Reading Classes PDF Author: Barbara Jensen
Publisher: Cornell University Press
ISBN: 0801464528
Category : Social Science
Languages : en
Pages : 262

Get Book Here

Book Description
Discussions of class make many Americans uncomfortable. This accessible book makes class visible in everyday life. Solely identifying political and economic inequalities between classes offers an incomplete picture of class dynamics in America, and may not connect with people's lived experiences. In Reading Classes, Barbara Jensen explores the anguish caused by class in our society, identifying classism—or anti–working class prejudice—as a central factor in the reproduction of inequality in America.
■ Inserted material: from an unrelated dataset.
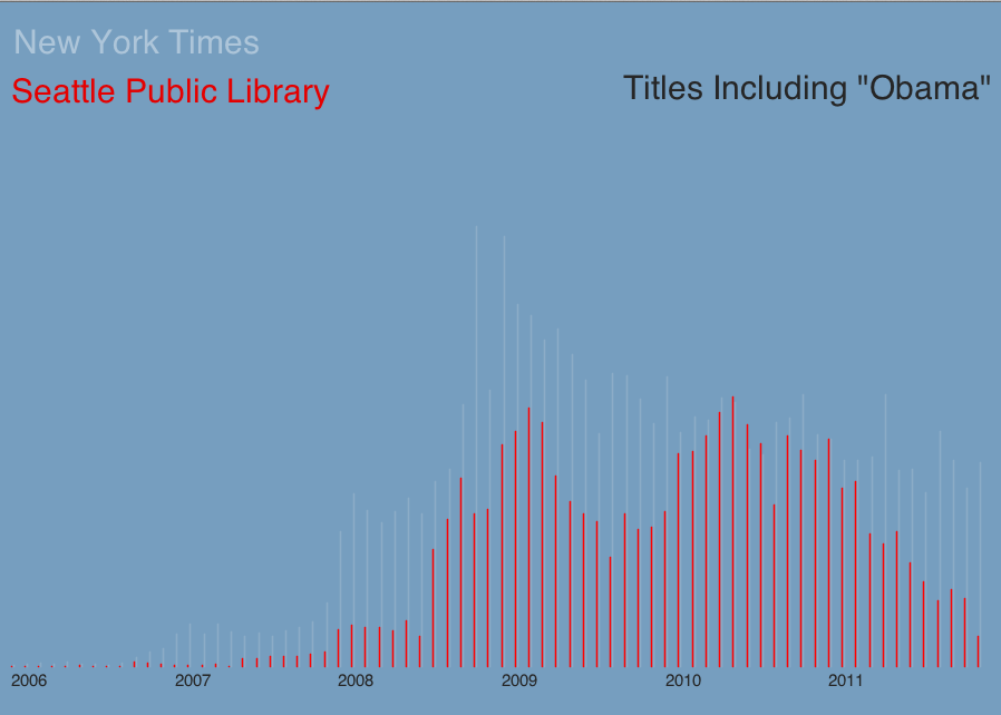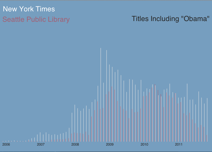 Here is my Correlation Project relating the subject matter of Obama between the SPL and NY Times API database. I found a strong correlation between the 2 sets of data and find it very interesting since the data is from the NW corner of the United States (Seattle) and the NE corner (New York).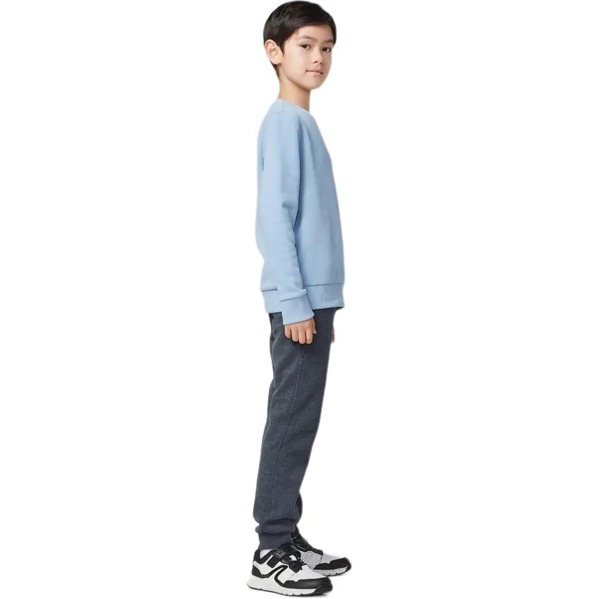 Детский свитшот из флиса с круглым вырезом, выполненный в джинсово-голубом оттенке. Модель обеспечивает тепло и комфорт для активного отдыха в прохладную погоду.

Giving voice to the experiences and inner lives of working-class people, Jensen—a community and counseling psychologist—provides an in-depth, psychologically informed examination of how class in America is created and re-created through culture, with an emphasis on how working- and middle-class cultures differ and conflict. This book is unique in its claim that working-class cultures have positive qualities that serve to keep members within them, and that can haunt those who leave them behind. Through both autobiographical reflections on her dual citizenship in the working class and middle class and the life stories of students, clients, and relatives, Jensen brings into focus the clash between the realities of working-class life and middle-class expectations for working-class people. Focusing on education, she finds that at every point in their personal development and educational history, working-class children are misunderstood, ignored, or disrespected by middle-class teachers and administrators. Education, while often hailed as a way to "cross classes," brings with it its own set of conflicts and internal struggles. These problems can lead to a divided self, resulting in alienation and suffering for the upwardly mobile student. Jensen suggests how to increase awareness of the value of working-class cultures to a truly inclusive American society at personal, professional, and societal levels.